Стоило это железнодорожное чудо триста рублей – сумма для Винькиных родителей непомерная. Для Глебкиных, видимо, тоже.
Но Глебке-то и ни к чему эта игра, раз рядом с ним настоящая дорога. Вернее, под ним . “Как на столе”…
– Кажется, там и станция есть, да? Я когда ходил на пристань, видел. Домик с башенкой…
– Конечно, есть! – почему-то сильно обрадовался Глебка. – Станция Река. Там моя мама работает диспетчером!
Хвастаться мамой, которая работает бухгалтером, было глупо. И Винька сказал:
– А мой отец служит на военном аэродроме. Он майор.
Уточнять, что служит отец временно, Винька счел излишним.
– Он, значит, был на фронте, да? – уважительно спросил Глебка.
– Конечно! У него три ордена и куча медалей.
– У моего папы тоже… были. Он погиб в Германии, когда война уже почти кончилась.
Винька стыдливо притих: вот похвастался дурак… Глебка, видимо, уловил его виноватость. И быстро сказал:
– Смотри, у тебя на локте кровь. Капелька…
– Где? Ой… это божья коровка!
Винька осторожным щелчком сбросил коровку в лопухи. Глебка с сожалением заметил:
– Надо было сказать: “Божья коровка, улети на небо…”
– Они вечером не летают. Только при солнышке…

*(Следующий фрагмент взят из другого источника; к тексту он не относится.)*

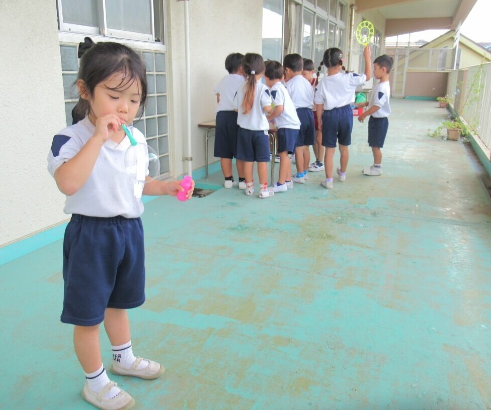 ☆2階のベランダでシャボン玉あそびを楽しんでいるお友だちがいました😊🎵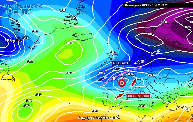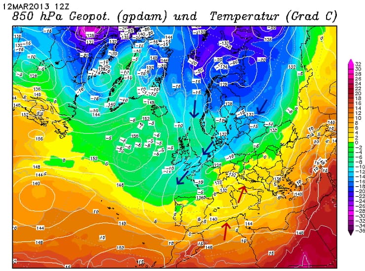 La carte des masses d'air de la journée du 12 mars 2013 est particulièrement éloquente. Elle montre la présence de l'air doux sur le sud du pays, remontant jusqu'à la frontière allemande, tandis que l'air continental glacial plongeait sur le nord-ouest de la France avec des températures inférieures à -10°C à 850 hPa (vers 1500m), des niveaux très bas aussi tard dans la saison !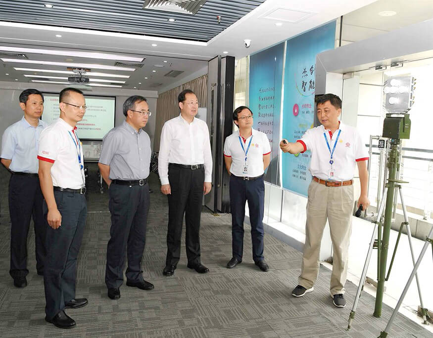 今年会jiannianhui智能研发中心总经理朱勇杰为胡春华书记一行介绍公司产品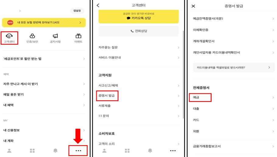 이 중 ‘고객센터’ → ‘증명서 발급’으로 진입하면 됩니다.

– А я вчера бабочку “Павлиний глаз” видел. Вот такую большущую…
– Не поймал?
– Нет. А зачем ловить?
– Ну, может, для коллекции.
Глебка словно отодвинулся. Снял очки. Стал тереть стекла о ковбойку.
– Я не люблю такие коллекции. Мертвые…
– Я тоже не люблю.
Вдали хрипло затрубил горнист Юрка Протасов. Глебка надел очки и встал.
– Ну вот, поговорить не дадут. – Он сердито отряхнул широкие штанины. – Надо идти…
– Надо, – вздохнул Винька.
В палате Глебка с привычной суетливостью разделся и юркнул под простыню. Лег носом к стенке. Виньке казалось, что Глебка хочет оглянуться на него, но не решается. Винька тоже лег. Приподнялся на локтях, глянул через несколько кроватей на укрытого простыней Глебку и откинулся на спину.
Какие дураки придумали делать отбой, когда за окнами почти что белый день? Солнце золотится на верхушках сосен.
Прошлась по палате Валентина, задернула марлевые шторки (толку-то!).
– Ну-ка всем спать! – И ушла. Небось, на свидание с баянистом Васей.
Всюду шептались. Кого-то огрели подушкой. В углу, где койка Андрюхи Козина (дружка Мумы), рассказывали старый неприличный анекдот:
– Однажды Пушкин, Лермонтов и Маяковский идут по улице, а навстречу им гимназист. Гимназист говорит: “Все поэты дураки…” А Пушкин…
Винька натянул простыню на голову. После разговора с Глебкой было нестерпимо слушать всякую похабщину. Стыдно даже. Как если бы ты сам сказал мерзость, а Глебка Капитанов смотрит на тебя сквозь очки с тихим отвращением. Словно ты на его глазах пришпилил гвоздем к забору бабочку “Павлиний глаз”.
4
На следующее утро Винька подъехал с хитрыми переговорами к Юрке Шарову. Юркина койка стояла рядом с Винькиной. Шаров был вертлявый и озорной. Насмешливый. Сейчас он сидел на постели и деловито надувал засунутую под майку волейбольную камеру. Видать, его забавляло, как раздувается под майкой тугое пузо.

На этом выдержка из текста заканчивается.